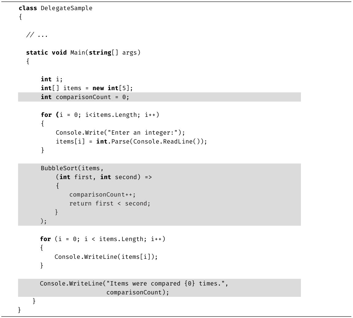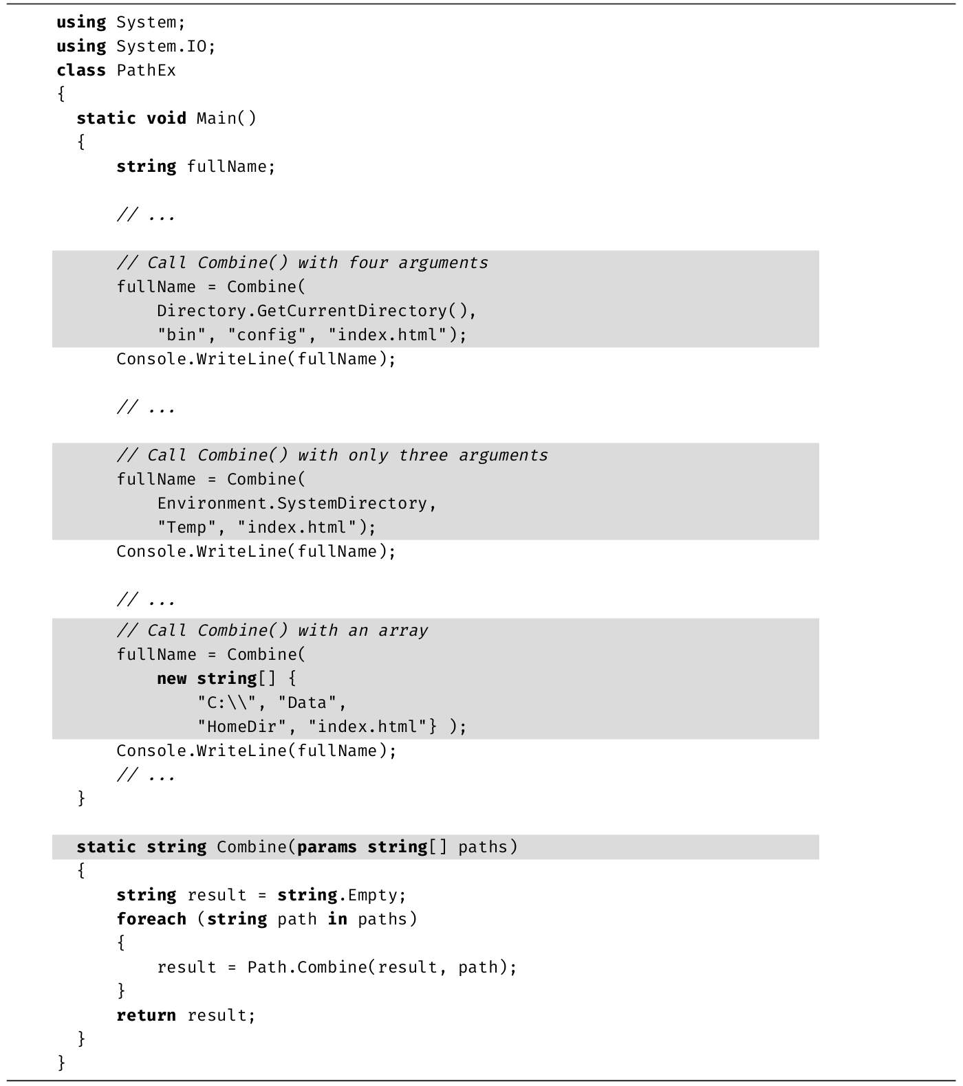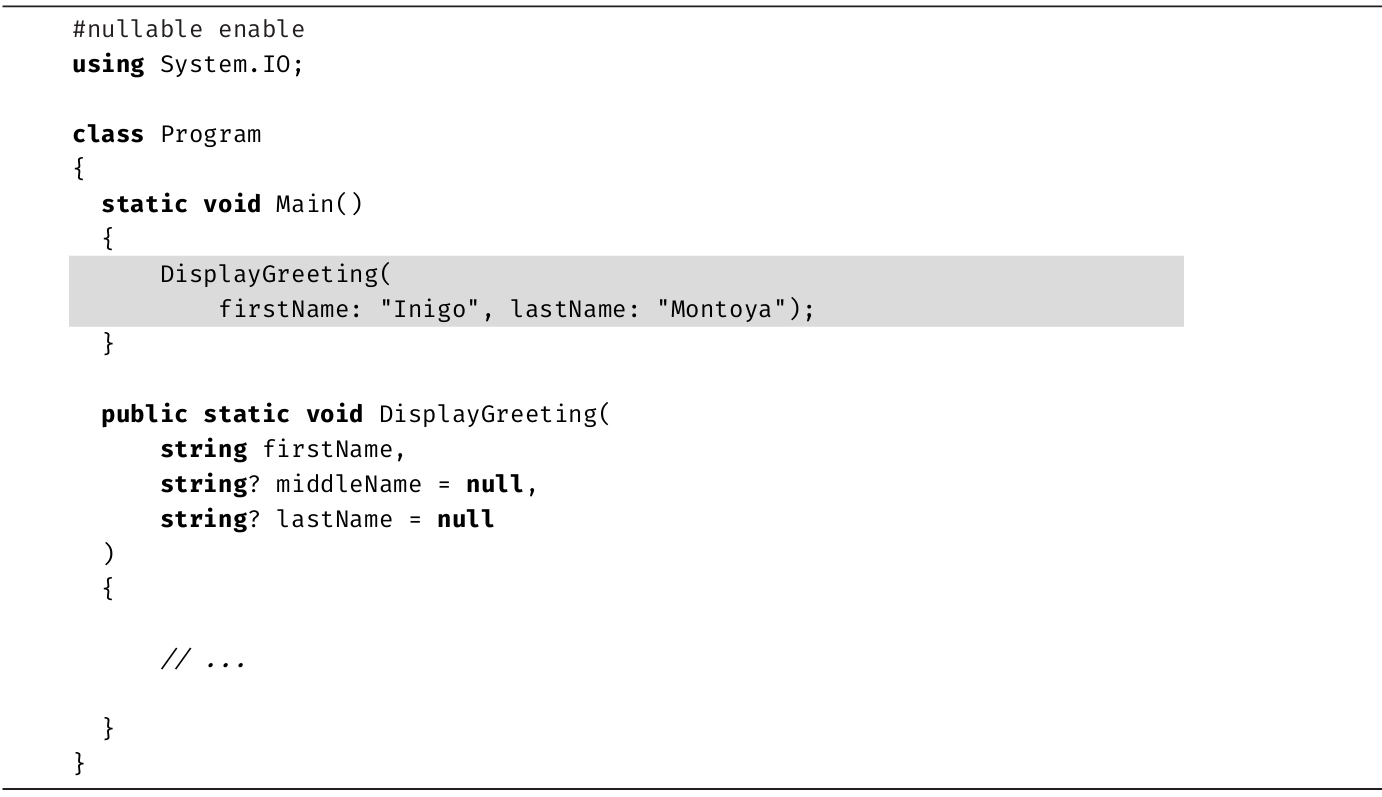 ·第5章 :本章讨论方法及其参数的细节,其中包括通过参数来传值、传引用和通过out参数返回数据。C# 4.0新增了默认参数,本章将解释如何使用。
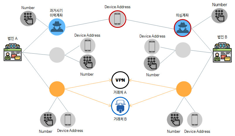 이기종 그래프 모델링을 통해 얻은 관계를 단일 그래프로 변환하는 방법인 '그래프 투영'은 새로운 관계들을 도출하는데 활용됩니다. 예를 들어, 휴대폰 번호나 거래처와 같은 이기종 데이터를 그래프에 연결함으로써, 이기종 관계를 갖는 데이터들을 단일 그래프로 변환할 수 있습니다. 이를 기반으로 새로운 관계를 파악하고, 더 정교한 분석을 시도할 수 있습니다.
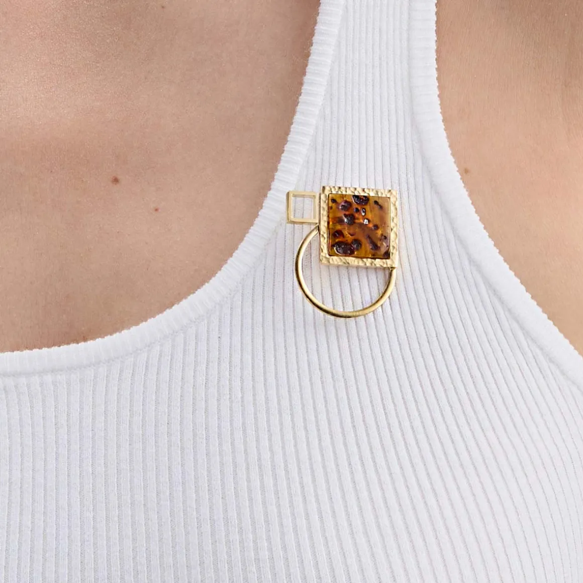 Pin z kolekcji Baltica wykonaliśmy ręcznie z pozłacanego mosiądzu i bursztynu. Centralnym elementem biżuterii jest naturalny, częściowo przejrzysty bursztyn, który umieściliśmy w oprawie o kutej powierzchni. Złoty kamień w kształcie kwadratu zestawiony z okrągłą formą metalu nadaje całości nowoczesnego charakteru. Lekka, ażurowa konstrukcja oraz zapięcie na zacisk gwarantują wygodę użytkowania. Elegancka biżuteria łączy w sobie surowość ręcznej obróbki z delikatnością naturalnego bursztynu, tworząc wyjątkowy dodatek o wyrazistym designie.

> **ACTIVITY**:
Print, exactly as written, the lines above from the first one to the one containing "이기종 그래프 모델링을". Leave out pictures.

> **ANSWER SECTION**:
 ·第5章 :本章讨论方法及其参数的细节,其中包括通过参数来传值、传引用和通过out参数返回数据。C# 4.0新增了默认参数,本章将解释如何使用。
 이기종 그래프 모델링을 통해 얻은 관계를 단일 그래프로 변환하는 방법인 '그래프 투영'은 새로운 관계들을 도출하는데 활용됩니다. 예를 들어, 휴대폰 번호나 거래처와 같은 이기종 데이터를 그래프에 연결함으로써, 이기종 관계를 갖는 데이터들을 단일 그래프로 변환할 수 있습니다. 이를 기반으로 새로운 관계를 파악하고, 더 정교한 분석을 시도할 수 있습니다.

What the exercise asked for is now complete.